Single by Cock Robin

from the album Cock Robin
- B-side: "Because It Keeps On Working"
- Released: 1984
- Recorded: 1984
- Genre: New wave
- Length: 4:28
- Label: Columbia Records
- Songwriter: Peter Kingsbery
- Producer: Steve Hillage

Cock Robin singles chronology
|  | "When Your Heart Is Weak" (1984) | "Thought You Were on My Side" (1984) |

= When Your Heart Is Weak =

1984 single

"When Your Heart Is Weak" is a song by American band Cock Robin.
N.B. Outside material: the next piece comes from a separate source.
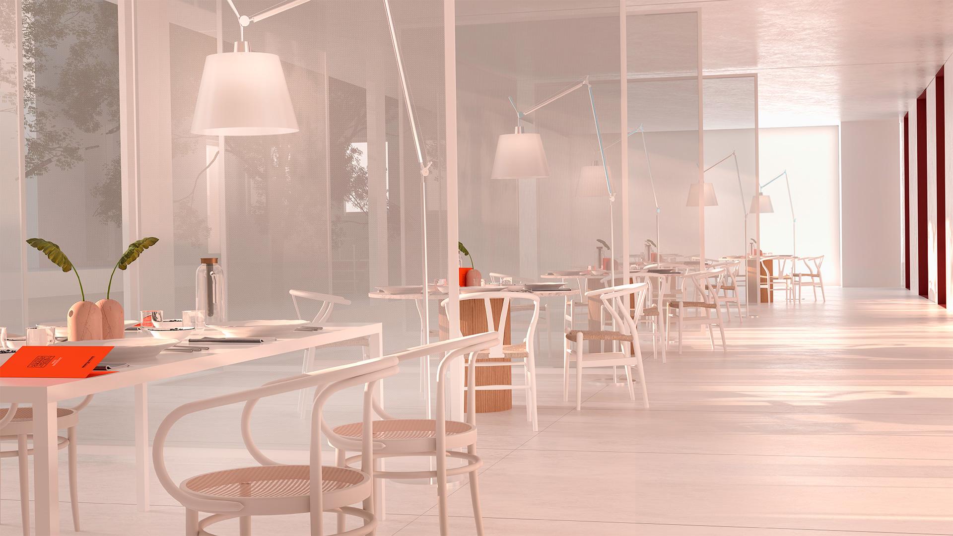 The restaurant welcomes guests in an interior finished with Grande Solid Color look White, the glamour of gleaming yet compact total white, conceived for large, seamless surfaces.

It was released in 1984 as the first single from their self-titled album.

The song was the band's only Top 40 hit (and their only entry) on the Billboard Hot 100, peaking at No. 35. It was a Top 20 hit in several countries in Europe.

==Music video==
The video shows the band playing in several landmarks in Joshua Tree National Park.

==Charts==

| Chart (1985) | Peak position |
|---|---|
| Belgium (Ultratop 50 Flanders) | 30 |
| Europe European Hot 100 Singles | 15 |
| France (SNEP) | 9 |
| Netherlands (Single Top 100) | 19 |
| South Africa (Springbok Radio) | 26 |
| US Billboard Hot 100 | 35 |
| US Billboard Album Rock Tracks | 28 |
| West Germany (GfK) | 8 |

==Certifications==

| Region | Certification | Certified units/sales |
| France (SNEP) | Silver | 250,000^{*} |
^{*} Sales figures based on certification alone.